* Exercise requirements *
Skip the pictures. Output only the lines below starting at the line with "Bên phía đối" and ending at the line with "Mexen Orla, LED", both ends included, exactly as they are.

* Data for this exercise *
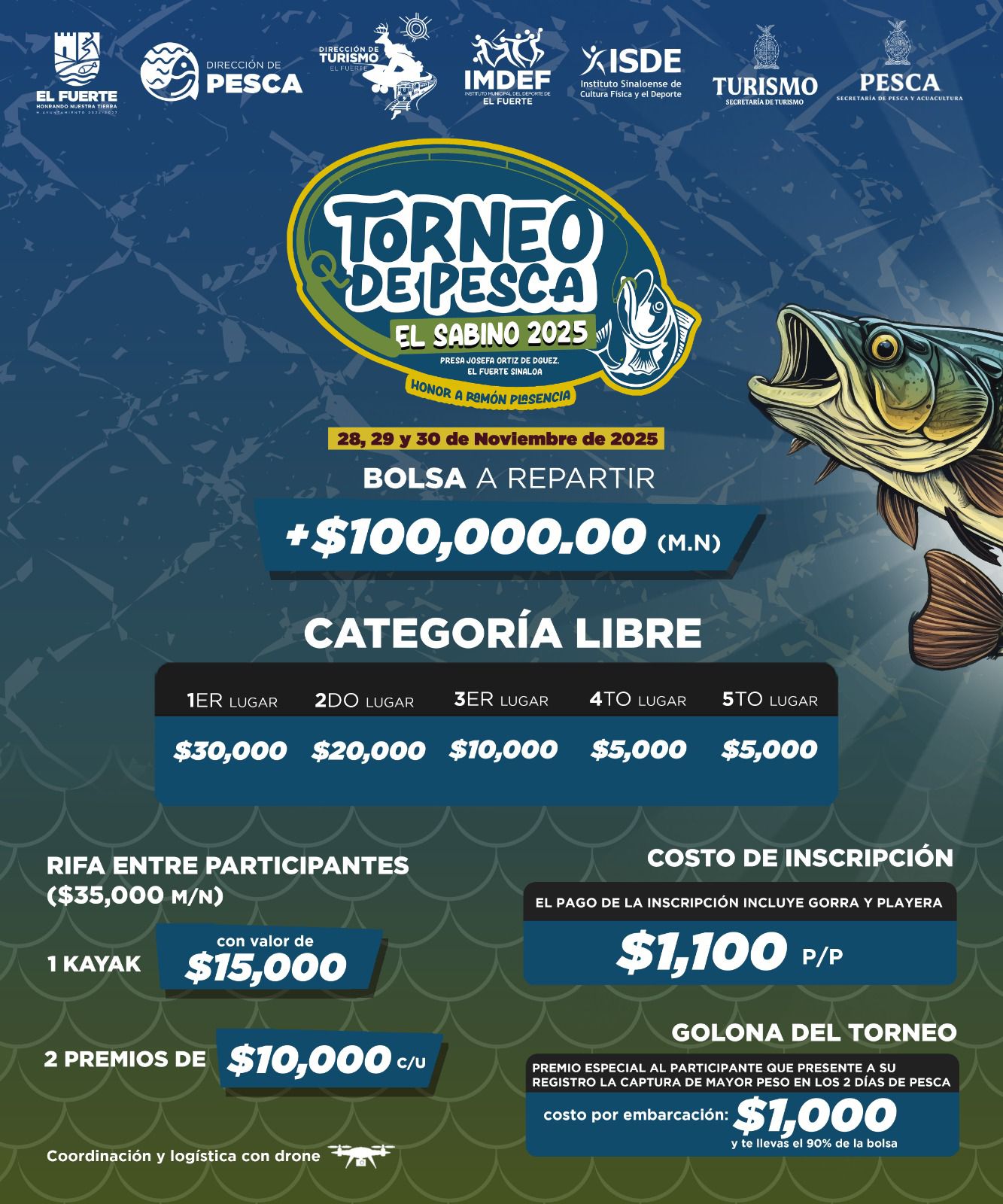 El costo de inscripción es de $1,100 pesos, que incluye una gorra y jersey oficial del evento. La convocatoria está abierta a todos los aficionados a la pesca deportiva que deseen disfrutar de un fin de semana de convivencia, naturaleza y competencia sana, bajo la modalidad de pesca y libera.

---

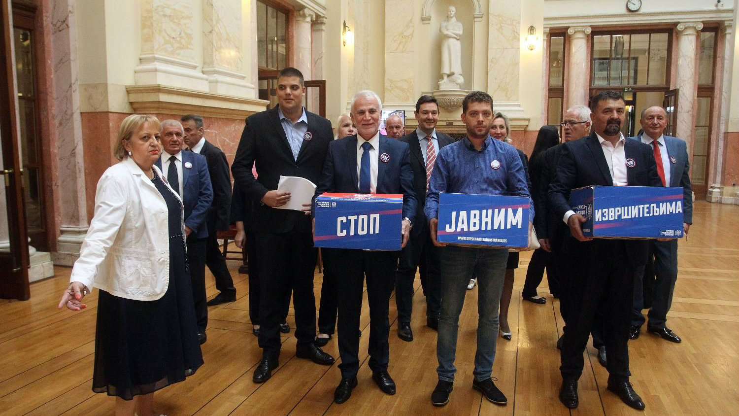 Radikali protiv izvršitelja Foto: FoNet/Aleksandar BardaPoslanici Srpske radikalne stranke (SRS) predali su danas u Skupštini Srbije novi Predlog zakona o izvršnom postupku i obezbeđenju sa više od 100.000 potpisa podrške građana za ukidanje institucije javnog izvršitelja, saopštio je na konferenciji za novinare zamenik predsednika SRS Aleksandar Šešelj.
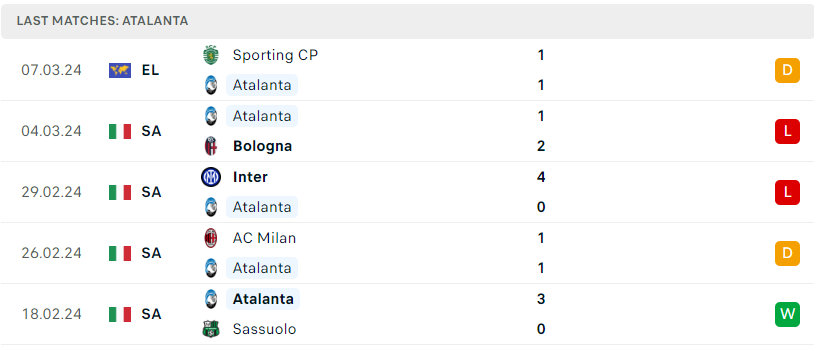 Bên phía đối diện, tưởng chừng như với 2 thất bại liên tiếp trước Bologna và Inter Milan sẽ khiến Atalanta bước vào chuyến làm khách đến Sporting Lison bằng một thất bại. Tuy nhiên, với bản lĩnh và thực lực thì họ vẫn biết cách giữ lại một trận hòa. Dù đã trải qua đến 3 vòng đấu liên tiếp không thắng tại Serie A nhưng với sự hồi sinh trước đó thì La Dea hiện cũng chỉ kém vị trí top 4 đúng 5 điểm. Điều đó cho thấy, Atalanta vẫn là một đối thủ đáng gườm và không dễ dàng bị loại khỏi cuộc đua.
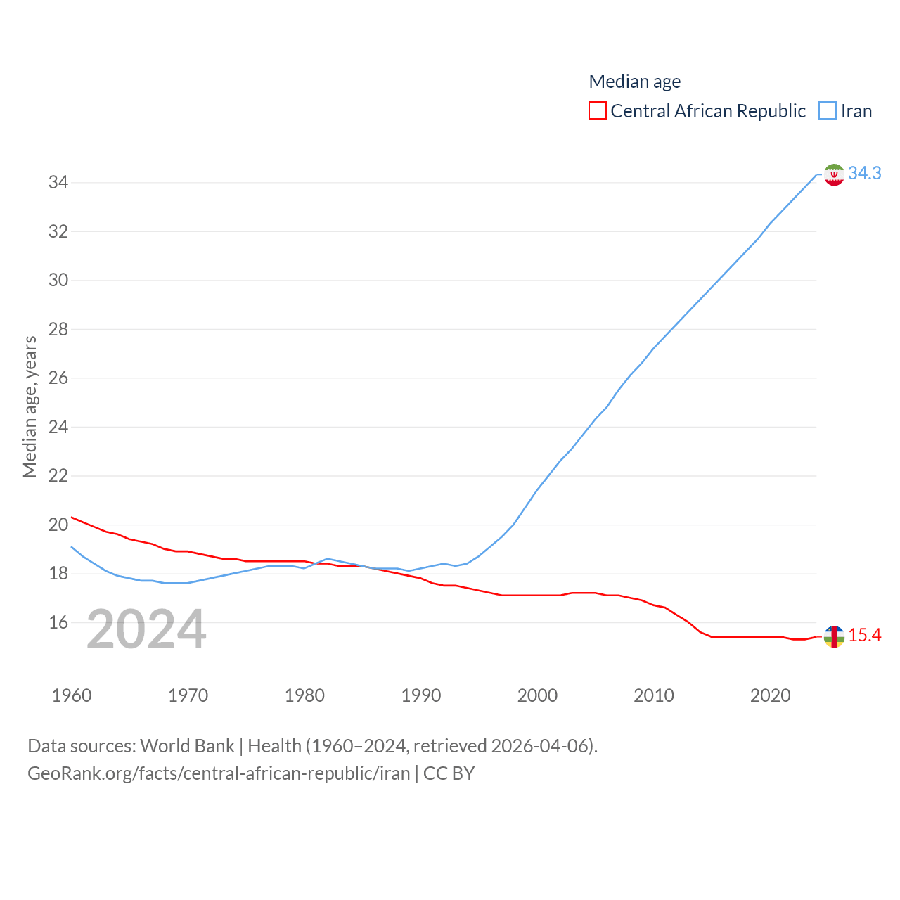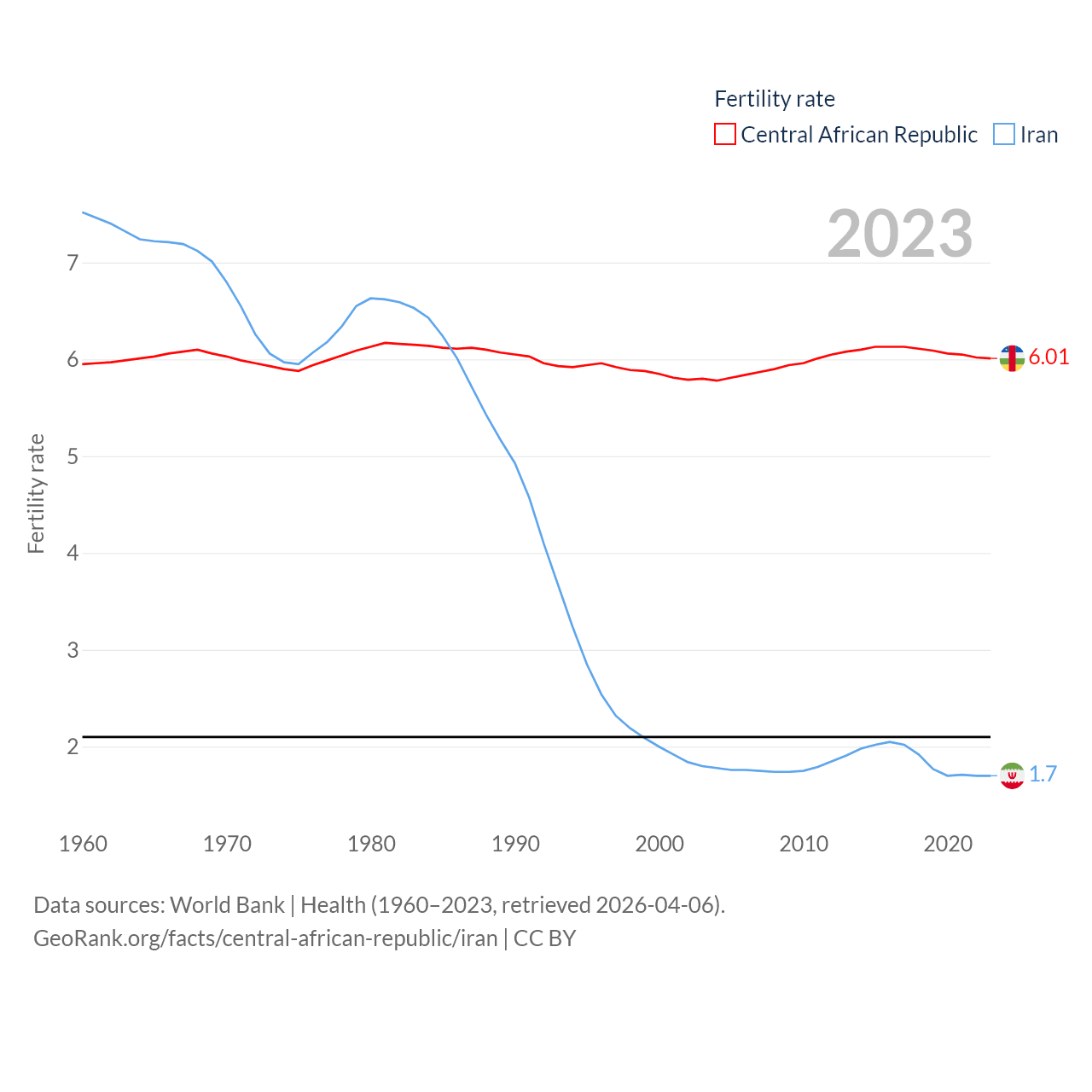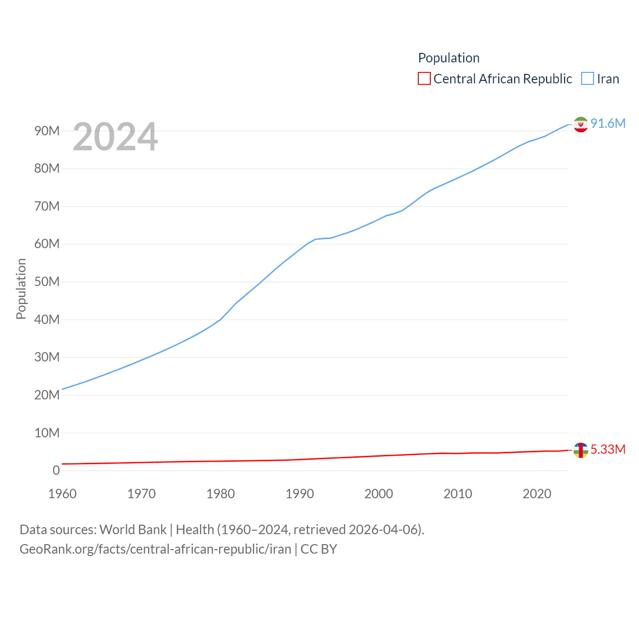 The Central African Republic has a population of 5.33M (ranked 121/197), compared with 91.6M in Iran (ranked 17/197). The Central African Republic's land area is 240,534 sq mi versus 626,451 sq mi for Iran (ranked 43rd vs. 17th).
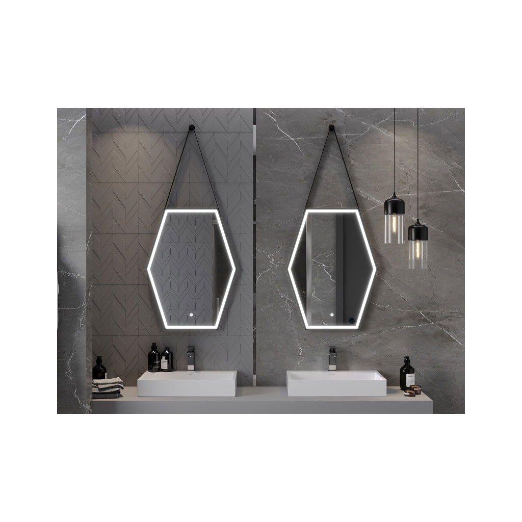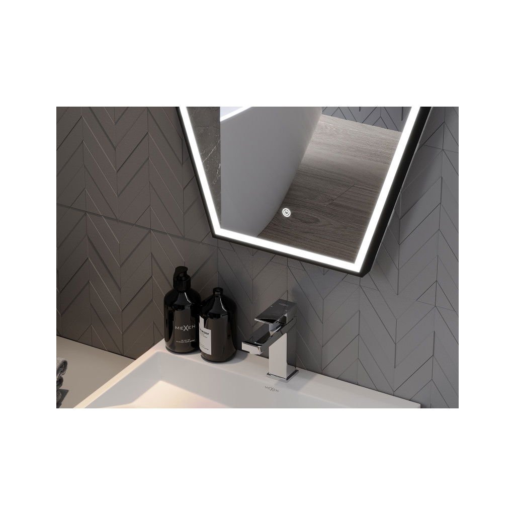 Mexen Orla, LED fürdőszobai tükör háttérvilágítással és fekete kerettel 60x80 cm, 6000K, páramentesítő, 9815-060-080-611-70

---

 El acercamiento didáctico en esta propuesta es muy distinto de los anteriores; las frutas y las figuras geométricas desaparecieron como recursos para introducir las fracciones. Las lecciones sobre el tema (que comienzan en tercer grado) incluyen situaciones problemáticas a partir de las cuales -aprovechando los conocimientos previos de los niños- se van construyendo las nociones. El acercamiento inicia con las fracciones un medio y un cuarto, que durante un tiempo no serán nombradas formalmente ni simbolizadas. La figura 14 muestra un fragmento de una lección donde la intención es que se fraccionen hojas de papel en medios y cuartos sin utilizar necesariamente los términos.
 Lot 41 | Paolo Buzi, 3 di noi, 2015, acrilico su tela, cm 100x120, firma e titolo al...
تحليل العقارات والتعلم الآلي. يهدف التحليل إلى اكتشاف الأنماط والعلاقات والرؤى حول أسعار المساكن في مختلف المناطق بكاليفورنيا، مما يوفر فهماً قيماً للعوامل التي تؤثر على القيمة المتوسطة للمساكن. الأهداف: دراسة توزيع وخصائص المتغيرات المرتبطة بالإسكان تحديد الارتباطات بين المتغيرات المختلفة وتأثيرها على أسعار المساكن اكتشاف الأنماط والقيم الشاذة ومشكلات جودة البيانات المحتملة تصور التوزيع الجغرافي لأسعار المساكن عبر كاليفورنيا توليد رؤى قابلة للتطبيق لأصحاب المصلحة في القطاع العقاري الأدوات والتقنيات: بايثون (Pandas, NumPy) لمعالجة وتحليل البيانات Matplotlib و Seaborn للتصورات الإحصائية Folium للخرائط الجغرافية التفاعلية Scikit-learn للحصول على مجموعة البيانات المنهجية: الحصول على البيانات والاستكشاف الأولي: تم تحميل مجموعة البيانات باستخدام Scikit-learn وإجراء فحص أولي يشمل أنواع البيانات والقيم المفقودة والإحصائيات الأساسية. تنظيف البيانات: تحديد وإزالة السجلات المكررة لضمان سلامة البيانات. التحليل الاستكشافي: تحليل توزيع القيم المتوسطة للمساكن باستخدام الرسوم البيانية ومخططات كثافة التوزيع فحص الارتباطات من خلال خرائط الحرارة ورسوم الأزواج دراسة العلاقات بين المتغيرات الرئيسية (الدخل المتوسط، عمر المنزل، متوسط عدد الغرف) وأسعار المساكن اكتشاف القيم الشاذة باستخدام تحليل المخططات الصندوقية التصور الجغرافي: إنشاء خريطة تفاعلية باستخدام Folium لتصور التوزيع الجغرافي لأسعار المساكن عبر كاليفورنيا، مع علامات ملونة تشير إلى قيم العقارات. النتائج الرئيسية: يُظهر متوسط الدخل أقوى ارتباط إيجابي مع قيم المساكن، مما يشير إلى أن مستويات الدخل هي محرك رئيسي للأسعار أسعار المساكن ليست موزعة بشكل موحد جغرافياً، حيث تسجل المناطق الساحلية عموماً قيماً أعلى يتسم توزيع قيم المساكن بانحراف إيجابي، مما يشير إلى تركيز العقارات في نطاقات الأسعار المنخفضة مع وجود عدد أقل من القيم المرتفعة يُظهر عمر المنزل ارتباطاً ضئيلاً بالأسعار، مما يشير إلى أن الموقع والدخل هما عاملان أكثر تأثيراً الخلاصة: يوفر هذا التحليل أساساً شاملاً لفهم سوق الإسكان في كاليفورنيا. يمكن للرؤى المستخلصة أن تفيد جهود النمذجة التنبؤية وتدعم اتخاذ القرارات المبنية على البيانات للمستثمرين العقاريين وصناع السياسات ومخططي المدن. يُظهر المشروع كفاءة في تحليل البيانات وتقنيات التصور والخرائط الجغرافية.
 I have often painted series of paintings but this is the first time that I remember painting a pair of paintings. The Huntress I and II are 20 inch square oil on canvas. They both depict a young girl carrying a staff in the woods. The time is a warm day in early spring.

* Task response *
 Bên phía đối diện, tưởng chừng như với 2 thất bại liên tiếp trước Bologna và Inter Milan sẽ khiến Atalanta bước vào chuyến làm khách đến Sporting Lison bằng một thất bại. Tuy nhiên, với bản lĩnh và thực lực thì họ vẫn biết cách giữ lại một trận hòa. Dù đã trải qua đến 3 vòng đấu liên tiếp không thắng tại Serie A nhưng với sự hồi sinh trước đó thì La Dea hiện cũng chỉ kém vị trí top 4 đúng 5 điểm. Điều đó cho thấy, Atalanta vẫn là một đối thủ đáng gườm và không dễ dàng bị loại khỏi cuộc đua.
 The Central African Republic has a population of 5.33M (ranked 121/197), compared with 91.6M in Iran (ranked 17/197). The Central African Republic's land area is 240,534 sq mi versus 626,451 sq mi for Iran (ranked 43rd vs. 17th).
 Mexen Orla, LED fürdőszobai tükör háttérvilágítással és fekete kerettel 60x80 cm, 6000K, páramentesítő, 9815-060-080-611-70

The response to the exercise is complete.